Great bustards look somewhat like really big geese. They have broad chests, thick necks, and distinctive turned-up tails. They can weigh as much as 40 pounds (18 kilograms) and are believed to be the heaviest bird in the world. The heaviest recorded great bustard weighed 21 kilograms (46 pounds).
These massive birds may be staying healthy by self-medication, new research finds. The birds appear to be actively searching for two plants that contain compounds that can kill pathogens. Researchers say it’s an example of possible self-medication.
Their findings were published in the journal Frontiers in Ecology and Evolution.
Great bustards (Otis tarda) are classified as vulnerable on the International Union for Conservation of Nature (IUCN) Red List of Threatened Species.
First author Luis M. Bautista-Sopelana, a staff scientist at the National Museum of Natural Sciences in Madrid, and co-author Azucena González-Coloma, a researcher at the Institute of Agricultural Sciences in Madrid, spoke to Treehugger about their research.
Treehugger: Why do you find great bustards so interesting?
Luis M. Bautista-Sopelana: The study of wildlife feeding confronts you with paradoxical situations: Why do animals ingest plants or other animals with little nutritional value but a certain degree of toxicity? Exploration, learning, mistakes, etc. These are the standard answers. But when you observe that the prevalence of these elements in the diet is not tiny, you scratch your head and begin to doubt the routine explanations. If, in addition to studying the diet in the laboratory, you spend days in the field studying the behavior of bustards, you could observe that some elements of the diet are ingested for a non-nutritional purpose. And so, the research begins. You then read the scientific literature on self-medication in apes, insects, etc., and you realize two things: You have found a vein of knowledge to exploit, and there are methodological limitations that forestall you from drawing conclusive explanations at the same level as in biomedical and veterinary sciences.

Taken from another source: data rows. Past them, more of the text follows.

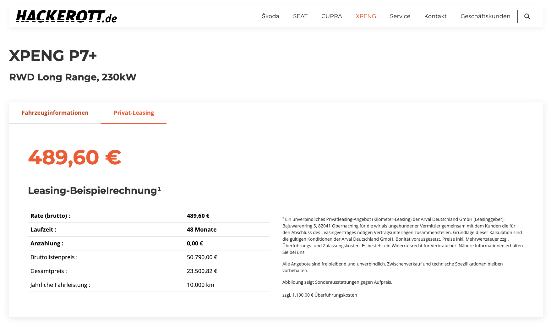 Die Kalkulation basiert auf 48 Monaten Laufzeit und 10.000 Kilometern pro Jahr. Für die Überführung fallen 1.190 Euro an.
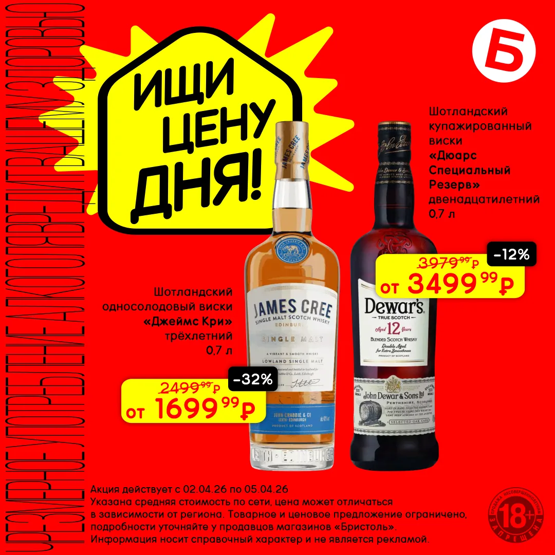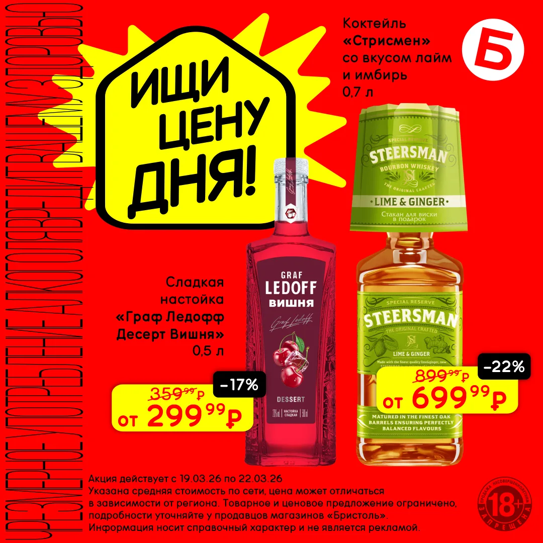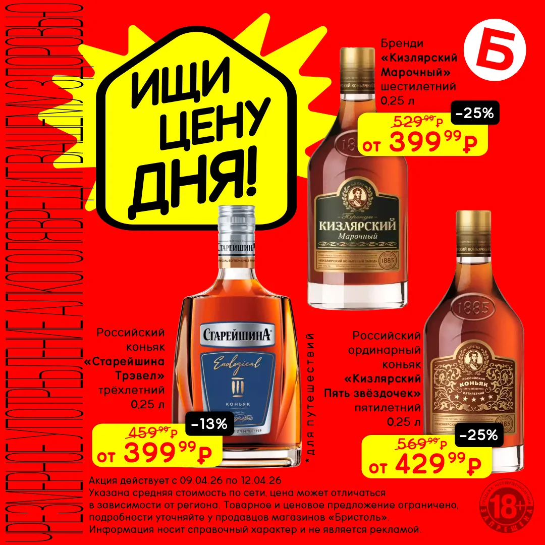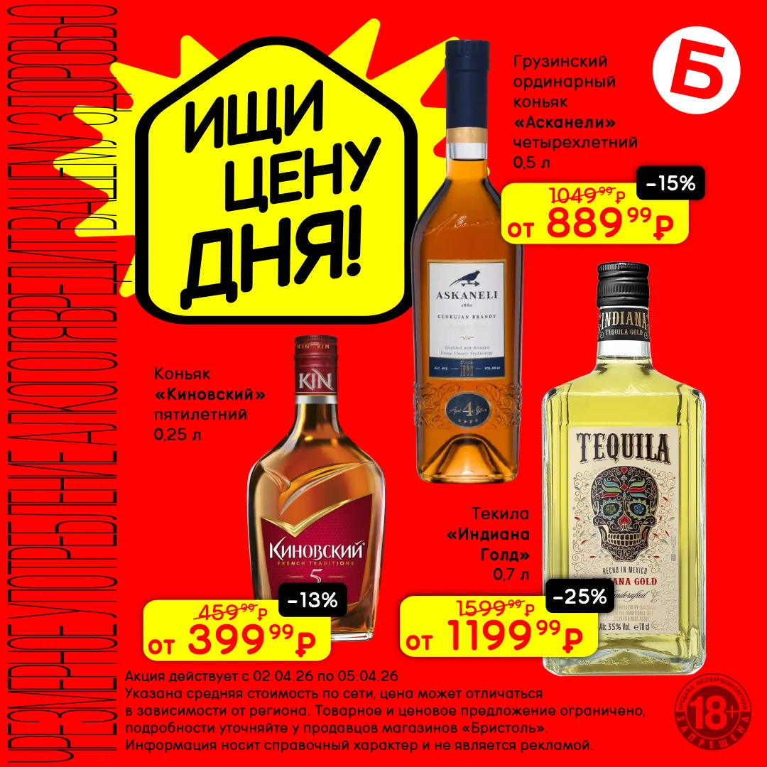 С 9 по 12 апреля открывай «Цену дня» и выбирай крепкие напитки по сниженным ценам. Каждый со своим вкусом, каждый со скидкой 😏
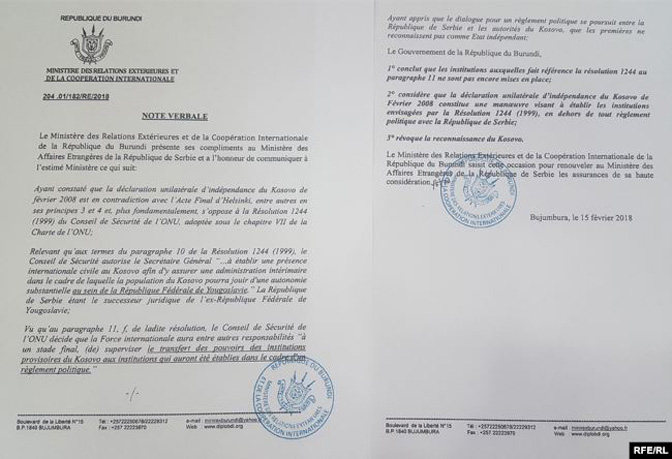 Копија дипломатске ноте о повлачењу признања Косова, коју је Министарство спољних послова Бурундија упутило Министарству спољних послова Србије 15. фебруара 2018.

Azucena González-Coloma: Also, the fact that poisonous insects were found in dead male bustards and are part of their diet inspired this work. We published a previous work on this topic.
How can self-medicating be an important and unique behavior?
Bautista-Sopelana: Self-medication in wildlife is important because it highlights that animals fight against their maladies with ad hoc behaviors like ingesting plants and animals with compounds active against maladies. But our findings do not report a unique behavior. Other bird species use plants for self-medication—for example, Psittaciformes [parrots], blue tits, Darwin’s finches, etc. Birds anoint themselves with many other items with anti-parasite properties, including millipedes, caterpillars, beetles, and plant materials.
Azucena González-Coloma: Our team is not the first to discover that wildlife can self-medicate with plants against parasites. Plants hold secondary compounds (SC) against herbivores. Some of those SCs are active against parasites and other pathogens. For example, nematicidal activity has been reported for extracts of corn poppy leaves against M. javanica. Minor alkaloids included roemerine, with reported antibacterial, antifungal, and anthelmintic activities. Furthermore, alkaloids such as allocryptopine, potopine, and berberine were nematicidal against Strongyloides stercolaris larvae. Besides, flavonoids may reduce oxidative stress and enhance immunity, so birds eat them presumably as a prophylactic drug against pathogens. Polyphenols regulate immune and inflammatory responses during enteric bacterial and parasitic infections in livestock, and organic acids can significantly reduce microbial contamination in turkeys.
Why are these findings important? What are the next steps in your research?
Bautista-Sopelana: These findings show that there are unexpected ways to research new medical compounds. There could be compounds that pass unnoticed to laboratory researchers while the wildlife routinely seeks them. Our next steps are collecting fresh droppings in several well-separated populations. Quantifying the prevalence of weeds and pathogens in the droppings will allow us to establish a statistical continuum pattern between healthy and sick populations. Genetic identification of weeds and parasites in fecal droppings is feasible, which would speed up the research. A statistical correlation between plants and parasites across droppings can make self-medication most concrete, though a correlation does not prove it beyond doubt. As already stated, the ultimate proof of self-medication requires experimental protocols developed in the biomedical, veterinary, and pharmacological sciences.
González-Coloma: We will also examine some plants selected by the bustards in more detail, as our analyses have only captured the tip of the chemical iceberg. In addition, the abundance of secondary compounds changes seasonally and geographically, so further chemical analysis is mandatory.